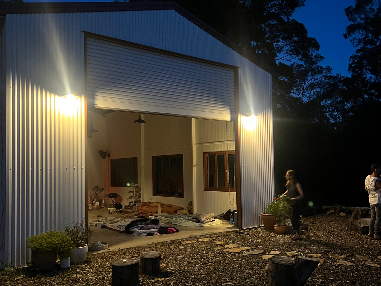 An 11 m × 10.5 m lined, polished-concrete barn with 4 m doors and awning windows — currently used for retreats, yoga, celebrations
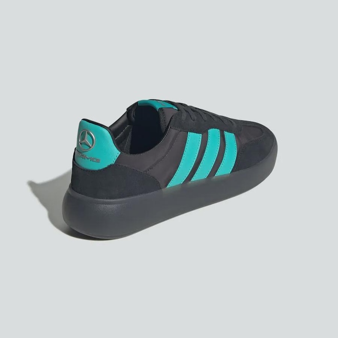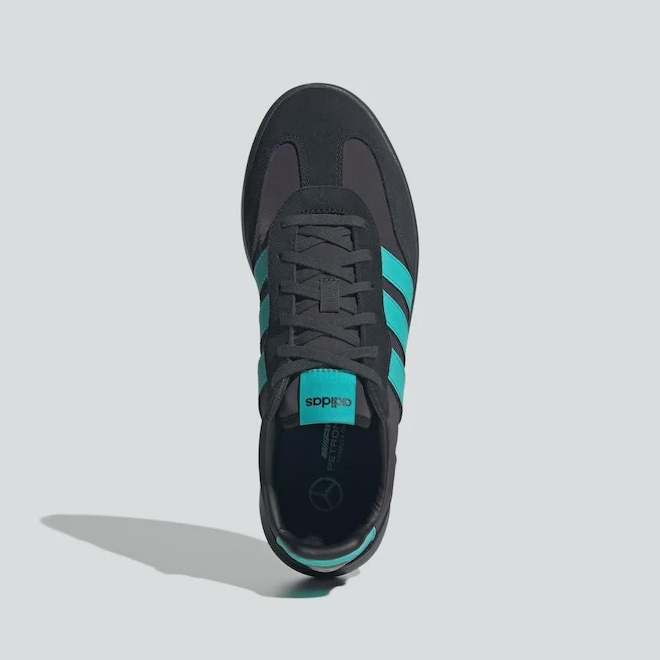 Calce este tênis da equipe de Fórmula 1 da Mercedes - AMG Petronas da adidas para levar sua torcida de corrida com você aonde for. Uma mistura de suede e nylon dá ao cabedal uma textura e estilo únicos feitos para durar. As Três Listras no cabedal nas cores do time e o logo no calcanhar garantem o visual oficial.
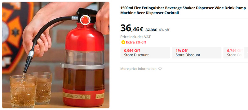 Хороший способ радовать детей на вечеринках - диспенсер для напитков на 1,5 литра в виде огнетушителя. Ну и понятно, что радовать можно не только детей, но и взрослых: достаточно, например, в диспенсер налить пиво или пунш.
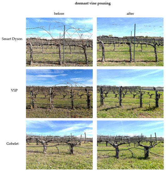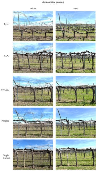 Training systems depicting before and after dormant vine pruning operations. Training systems divided into horizontally divided canopy (Lyre, GDC and Y-Trellis), vertical canopy (Pergola, Single Curtain, Smart Dyson and VSP) and head-trained (Gobelet).
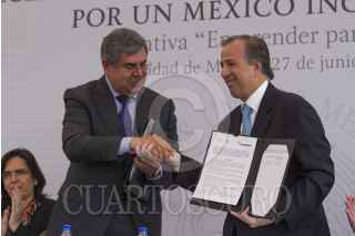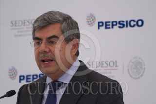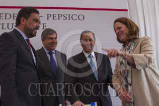 CIUDAD DE MÉXICO, 27JUNIO2016.- Francisco Merino, vicepresidente jurídico y de asuntos de gobierno de PepsiCo; Pedro Padierna Bartning, presidente de PepsiCo México; José Antonio Meade, secretario de Desarrollo Social, y Susan Pick, fundadora de Yo quiero Yo puedo, durante la firma de declaración conjunta entre la Sedesol y PepsiCo "Por un México Incluyente". FOTO: MOISÉS PABLO /CUARTOSCURO.COM
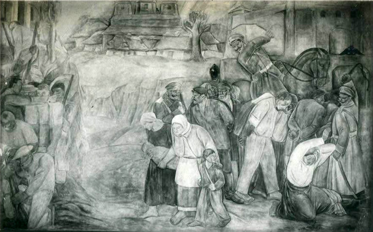 Був у мене архів. Ескізи, начерки. Все пропало. Після війни я ходив у санаторій, бачив фрески. Згадувалось, як працювали, як співали веснянку [«А вже весна, а вже красна…»]: – Із стріхи вода капле, А молодому козаченьку мандрівочка пахне. Фрески селянам подобались. Вони говорили: “Ну просто, як в цекркві”» [4]. У той час молодь захопилася стилем Дієго Рівери, з яким познайомилися через завезені М. Бойчуком французькі та італійські журнали після його горезвісної подорожі Європою у 1926-1927 роках.
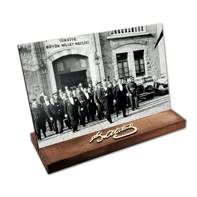 Masaüstü Ahşap Tablo - Atatürk İmzalı ve Resimli Model 7HK2510-07
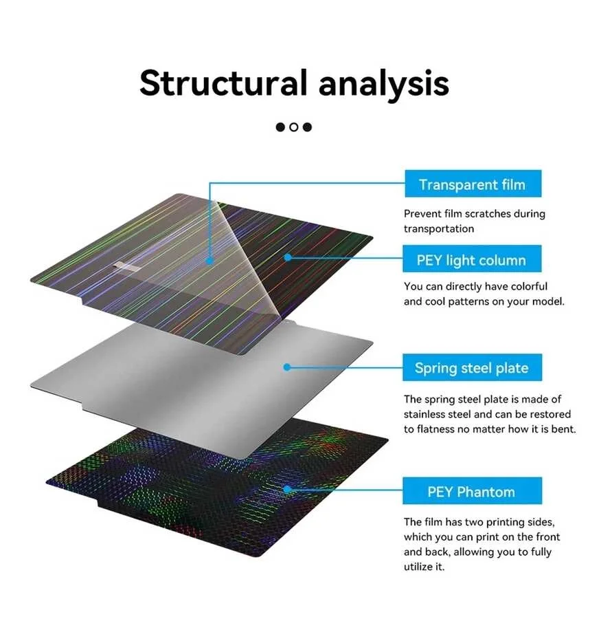 Bambu Lab serisi 3D yazıcılarla mükemmel uyumlu, iki tarafı farklı dokularda PEY kaplı olan yay çelik manyetik tabla ile baskılarınızda en iyi sonuçları elde edin. Hafif esnetilebilir yapısı sayesinde, baskılarınız bittikten sonra soğumasını bekleyerek kolayca çıkarabilirsiniz.

....

**What the exercise asks:** Copy exactly what appears in the entries, beginning with the first line and ending with the line that has "Calce este tênis", but not the pictures.

**Exercise response:**
 An 11 m × 10.5 m lined, polished-concrete barn with 4 m doors and awning windows — currently used for retreats, yoga, celebrations
 Calce este tênis da equipe de Fórmula 1 da Mercedes - AMG Petronas da adidas para levar sua torcida de corrida com você aonde for. Uma mistura de suede e nylon dá ao cabedal uma textura e estilo únicos feitos para durar. As Três Listras no cabedal nas cores do time e o logo no calcanhar garantem o visual oficial.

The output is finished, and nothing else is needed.